- DATA SEGMENT -
┄┄┄┄┄┄

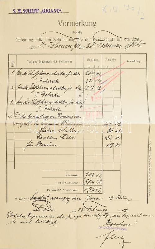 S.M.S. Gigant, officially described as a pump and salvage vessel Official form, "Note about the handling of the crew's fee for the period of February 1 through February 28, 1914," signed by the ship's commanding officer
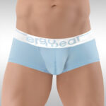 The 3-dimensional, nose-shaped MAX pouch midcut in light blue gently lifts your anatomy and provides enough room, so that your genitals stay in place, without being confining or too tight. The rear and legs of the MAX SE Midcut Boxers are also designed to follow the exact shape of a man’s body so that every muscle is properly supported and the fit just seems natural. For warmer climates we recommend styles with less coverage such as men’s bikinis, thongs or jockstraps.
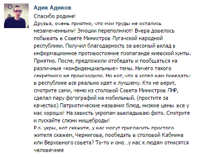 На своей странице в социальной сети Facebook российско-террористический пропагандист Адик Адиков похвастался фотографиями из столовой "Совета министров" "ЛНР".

┄┄┄┄┄┄

- EXERCISE -
Output all lines above precisely. Pictures are to be left out.

- SOLUTION FOR THIS PROBLEM -
 S.M.S. Gigant, officially described as a pump and salvage vessel Official form, "Note about the handling of the crew's fee for the period of February 1 through February 28, 1914," signed by the ship's commanding officer
 The 3-dimensional, nose-shaped MAX pouch midcut in light blue gently lifts your anatomy and provides enough room, so that your genitals stay in place, without being confining or too tight. The rear and legs of the MAX SE Midcut Boxers are also designed to follow the exact shape of a man’s body so that every muscle is properly supported and the fit just seems natural. For warmer climates we recommend styles with less coverage such as men’s bikinis, thongs or jockstraps.
 На своей странице в социальной сети Facebook российско-террористический пропагандист Адик Адиков похвастался фотографиями из столовой "Совета министров" "ЛНР".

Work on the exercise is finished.